La necesidad de un filtro previo no es nada raro. Viene ocurriendo con miembros del Parlamento vía suplicatorio sin que nadie se rasgue las vestiduras. Pero hasta ahora los mecanismos existentes parece que habían bastado. El criterio general, cuando de persona aforada se trataba, era hacer una investigación en el juzgado territorialmente competente y, solo en el caso de considerar, tras esta investigación, que existen indicios solidos contra el aforado, remitir al órgano competente por razón del aforamiento.
Pero en el caso del Fiscal General del Estado, se ha roto la baraja y se han repartido las cartas de nuevo. Y, en lugar de hacer una investigación inicial en el juzgado de instrucción, se ha remitido directamente al Tribunal Supremo, con todo lo que ello supone.
Por su parte, el instructor del más alto tribunal no ha hecho sino lo que, en principio, debería ser normal en cualquier procedimiento: citar en calidad de investigado a la persona denunciada. Una citación que no sería más que un trámite previo a la “verdadera imputación” para que la persona pueda comparecer asistido de defensa y con todos sus derechos garantizados. Pero, y aquí llega el segundo problema, como hace ya tiempo que los partidos políticos han colocado sus imaginarias líneas rojas en este trámite procesal en una frenética carrera por tratar de demostrar quién es más puro y limpio, esta citación se convierte en un verdadero estigma que hace tambalearse los fundamentos de nuestro Estado de Derecho.

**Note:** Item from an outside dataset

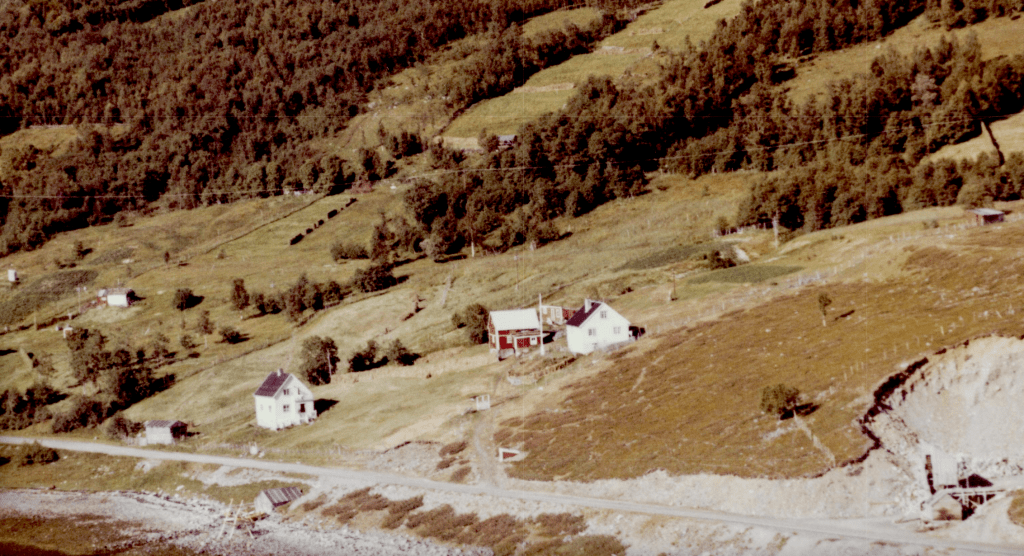 I det hvite huset lengst til venstre på bildet bodde Ida og Reidar LIllevik. Brakka i forkant av det store fjøsen er butikken og boligen til Olav Olderdal («Tinnola»). I det gule huset,(delvis skjult) bodde Tina Olderdal og Tormod Albrigtsen.
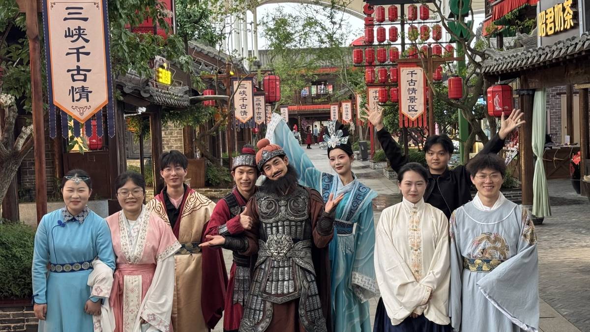 “从小喜欢练武术,没想到这门手艺能让我在长江边吃上饭。”赵长延笑着说,他一人饰演多个角色——蜀汉士兵、穿越快闪、彩色狂欢等,每个都能拿捏到位。

Y así, aunque el proceso acabe con un archivo o con una absolución, el daño causado va a ser inevitable. A la institución y, desde luego, a las personas afectadas. Y no solo eso: deja abierta una puerta que difícilmente pueda cerrarse. Hoy es el Fiscal General del Estado, pero mañana podía ser cualquiera.
Por eso, habría que dar una repensada al sistema. Al sistema, o al modo de utilizarlo. Porque, además del daño irreversible del que hablaba, el precedente es peligrosísimo. Tanto, que ni siquiera mi imaginación sin límites es capaz de calibrarlo.